Acknowledgment: This research was funded by the Annie E. Casey Foundation. We thank them for their support but acknowledge that the findings and conclusions presented in this report are those of the authors alone, and do not necessarily reflect the opinions of the Foundation.

Sycamore takes a neutral and objective approach to analyze and explain public policy issues. Funders do not determine research findings. More information on our code of ethics is available here.

Figure 1

How Medical Debt Affects the Factors that Drive Our Health

Our review suggests that medical debt itself may affect health outcomes, exacerbate already poor health outcomes, and worsen existing health disparities via:

  • Adverse effects on both economic stability and mobility.
  • Stress that affects mental health and, in some cases, prompts riskier health behaviors.
  • Reduced use of and access to medical care.
  • Limiting access to neighborhoods with built environments that foster good health.

The effects of medical debt can be long-lasting. Past-due medical bills reported to a credit bureau affect credit history for seven years. (6) Debts can also be bought and sold multiple times over the course of many years. (7) These debt buyers and collectors often tack on additional charges and take legal actions – both of which can exacerbate and prolong the effects of medical debt.

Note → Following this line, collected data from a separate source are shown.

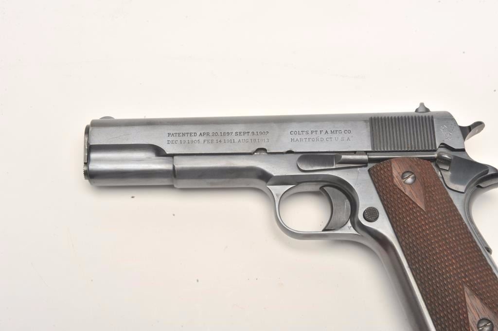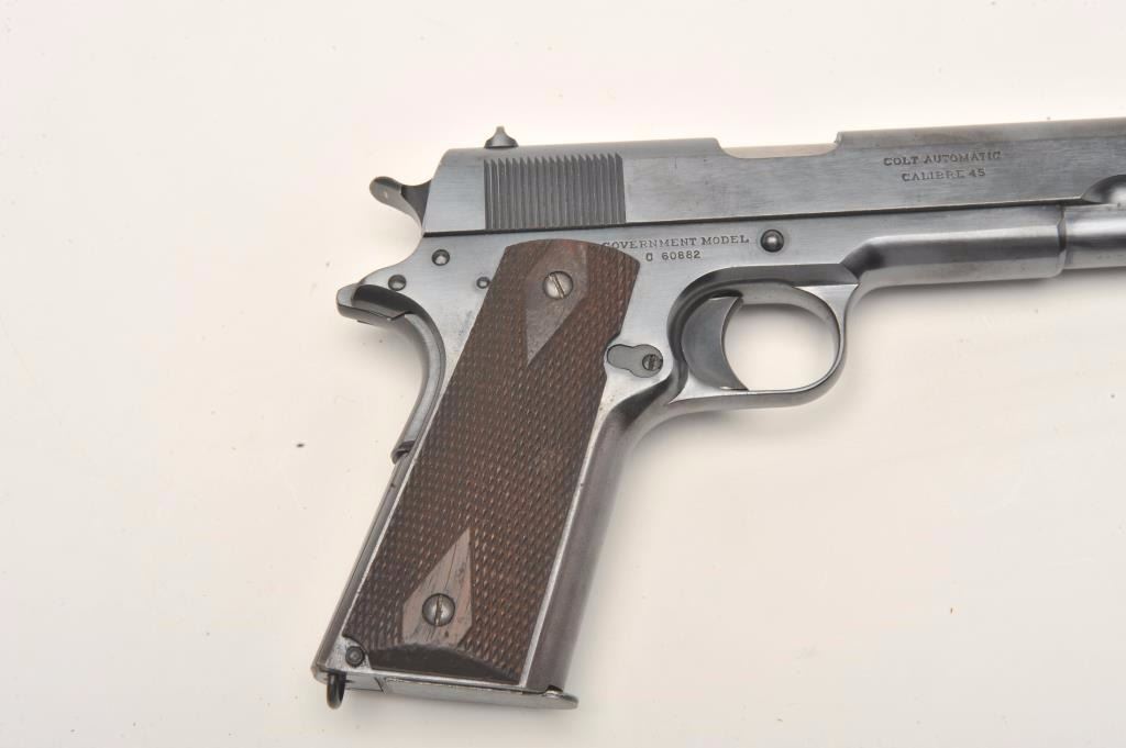 Colt Model 1911 Government Model semi-automatic pistol, .45 caliber, 5” barrel, blued finish, checkered wood grips, S/N C60882, in overall fine condition with approximately 98% + original finish, finebore, crisp action and markings and fine grips. (C&R/PPT). Est.: $2,000-$4,000.
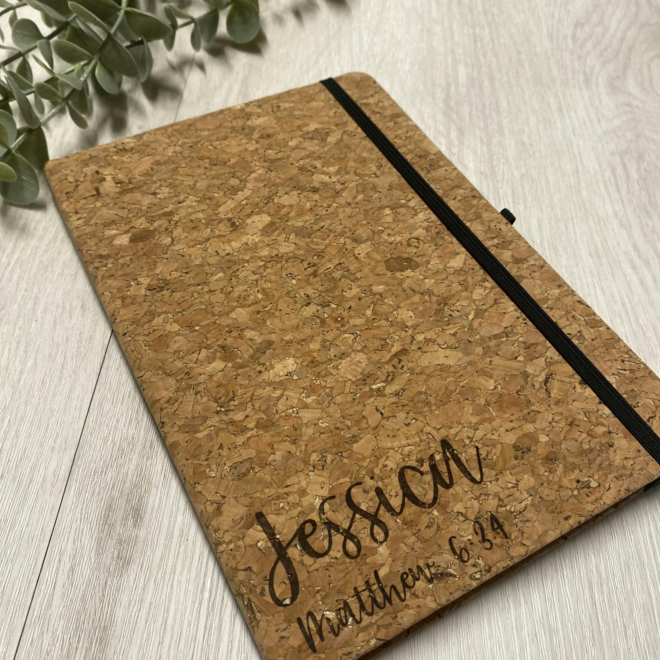 These A5 cork notebooks can be personalised with a name a bible verse reference! The perfect present
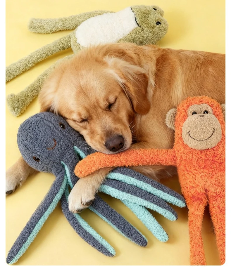 Juguete de entrenamiento de inteligencia: puede jugar a esconderse con su perro, ocultar los juguetes del pulpo en el césped o en cualquier lugar, luego dejar que el perro busque, pruebe y mejore la inteligencia del perro.El diseño animal satisface el instinto natural de caza de la mascota y la mantiene ocupada para evitar dañar los muebles.
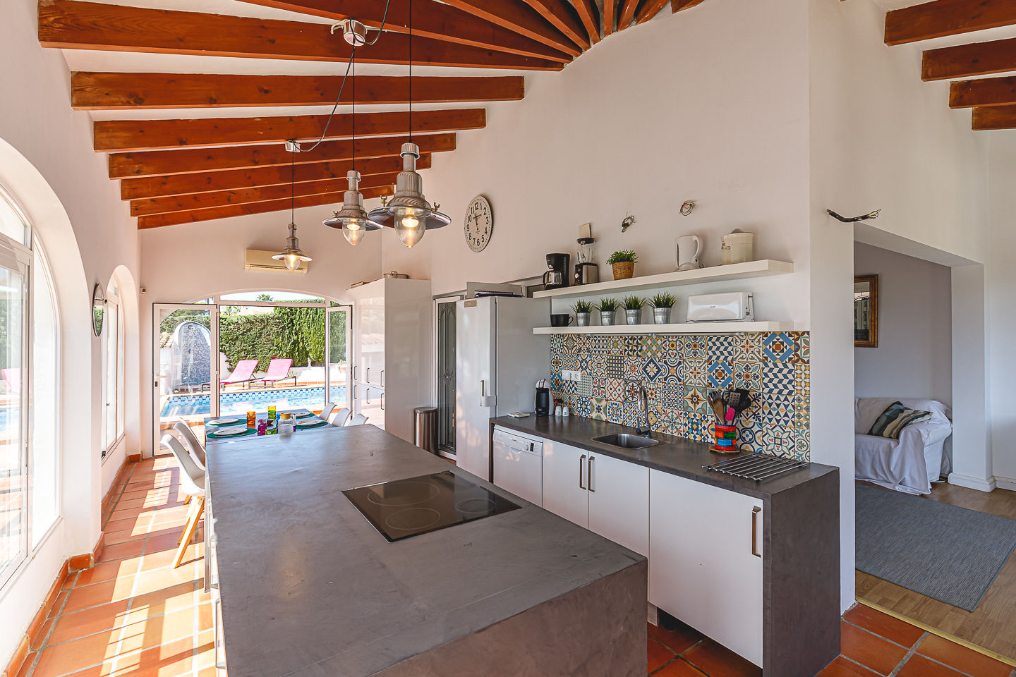 The house has 4 bedrooms and 3 bathrooms, spread over 2 levels. The accommodation offers privacy, a garden with gravel and trees, and a beautiful pool. Its comfort and the proximity to the beach, places to shop, and sports activities make this a fine holiday house to spend your holidays in Spain with family or friends.
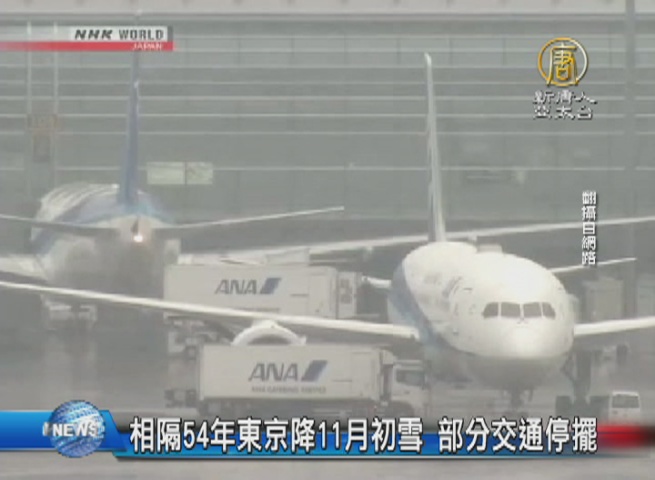 【新唐人亞太台 2016 年 11 月 24 日訊】日本東京在今天清晨降下了今年第一場雪,這也是睽違54年後,在11月份就降下初雪,而且時間越晚,雪會下得越大,東京最低溫也來到攝氏1度左右,造成部分交通停擺。包括JR東日本的青梅線與中央線,一度因為積雪太重將樹枝下壓影響列車行駛,西武、京王、新宿等各線,也都因為大雪而延遲發車。
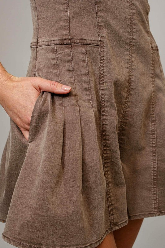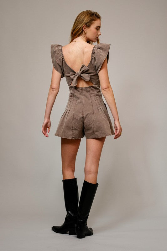 Stretch denim romper featuring a sweetheart neckline, ruffle sleeves, pleated hip details, and a tie-back design.

Effects on Economic Opportunity

Medical debt has negative effects on people’s economic circumstances and can make it harder to stay afloat or get ahead.

Impact on Credit History

Medical debt hurts your credit history and credit scores. (8) (9) A creditor (i.e. a health care provider) or debt collector can report an unpaid medical bill to credit bureaus at any point after the bill is issued. (10) If you do not pay the bill within 180 days of that report, the debt appears on your credit report as an “account in collections.” (11) Once reported, your credit score is reduced for seven years — even if you ultimately pay off the debt (Note: It can be removed immediately if an insurer pays it). (6) While consumers can usually improve their credit scores by making on-time debt payments (e.g. for a mortgage or credit cards), credit bureaus do not track on-time medical bill payments. As a result, medical bills can reduce your credit score but cannot improve it. (12) (13)

Credit scores have a wide-range of uses that affect the drivers of health — including housing, employment, access to transportation, and the ability to access the type of credit that helps build wealth. Lenders use credit scores in a number of ways to gauge an individual’s liabilities and the probability that they will pay their financial obligations:

  • Access to “Good” Debt — Lower credit scores can make it harder to access the types of loans and credit that can enhance economic mobility and long-term wealth (e.g. home loans). (14) (15) (16)
  • Employment — Many employers check credit reports when making hiring and promotion decisions. (17) A 2017 national survey of employers found that over 30% checked credit history in making employment decisions. (18) Some evidence, however, calls into question the extent to which employers rely on credit scores alone. (16)
  • Housing — Credit scores can determine a person’s ability to secure a mortgage as well as the terms of their loan. In addition, landlords often check potential tenants’ credit reports, and they may reject applicants for poor credit history or require a larger security deposit. (17)
  • The Cost of Debt — A good credit score helps people qualify for loans with lower interest rates. In August 2018, a person with good credit could have paid $3,000 less in interest on a $10,000 car loan than someone with a poor credit score. (19)
  • Transportation & Utilities — Credit history can also affect basic needs like transportation and utilities. Car loans can be more expensive or unattainable for those with poor credit, and utility companies (e.g. water, electricity, internet, cable) may require larger security deposits from new customers with poor credit. (17)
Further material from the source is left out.